No such luck on the Internet. A well-designed Internet course will have a number of special characteristics, all of which run exactly counter to the expectations of traditional classroom learning. Let’s consider some of them.

1. Multiple Points of Entry

Students must be able to start and stop their instruction at virtually any point. Of course, in many circumstances (and particularly in real estate) it is essential that one concept be mastered in order to understand the next, and the course can be designed to do that. However, insofar as it is possible to do so, the course must permit the student to essentially structure it himself or herself.

One way to do that is by breaking the content up into separate, self-supporting modules that can be accessed by the student in any order. Another way is by providing hyperlinks.

In the classroom, the instructor is bound by constraints of time and logistics. There may be fascinating historical, theoretical or otherwise interesting but nontested information that the instructor would love to share with the students, but the demands of clock, calendar and commission force the instructor to stick to the essentials. Of couse, supplementary handouts can be prepared and distributed "for further reading," or recommendations can be made for additional study, but the students are operating under the same chronological and content restraints as the instructor.

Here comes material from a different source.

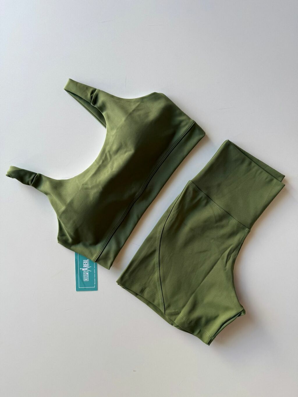 Conjunto em poliamida Athletic, liso e firme. Possui top modelo faixa com alças mais largas, forro interno e bojo removível, e short cós alto com recortes anatômicos que modelam o corpo. Zero transparência, blockout.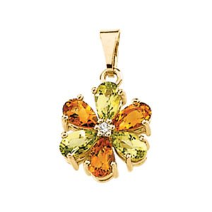 Genuine Peridot Genuine Citrine And Diamond Pendant | 5 x 3 mm | .02 Carat TW; Flower design features genuine peridot and citrine gemstones with a diamond center; Matching Earrings: 65280.

On the Internet, however, all that information can be made available through hyperlinks. A hyperlink is a URL -- a web address, like http://www.real-estate-ed.com -- where a specific file resides. By including hyperlinks, the instructor provides front-door access to additional depths of information. The user is clued to the hyperlink by the fact that the word or words are a different color. When the user positions the cursor over the word and clicks on his or her mouse, the file is accessed and the information retrieved. The new file may contain additional hyperlinks, permitting the user to construct a custom-tailored chain of topical data that directly addresses his or her information needs. The hyperlink may be represented on the screen by words that are a different color from the surrounding text or by buttons or icons.

For instance, you might want to put examples of a concept in separate files, or the text of legal opinions, or relevant segments of the license law. After reading the basic rule, a student who wanted to know more, or who needed examples to fill in his or her understanding, could go to your hyperlinked files. Other students, who were clear on the concept from the text alone, could proceed to the next topic.

2. Navigability

Nonetheless, research has shown that adult learners still want a sense of place, even in a hypertext environment. The "look-and-feel" of the course should be consistent throughout all levels of interactivity, and the user should always have a clear path back to where they started (i.e., recurring directional and "home" buttons).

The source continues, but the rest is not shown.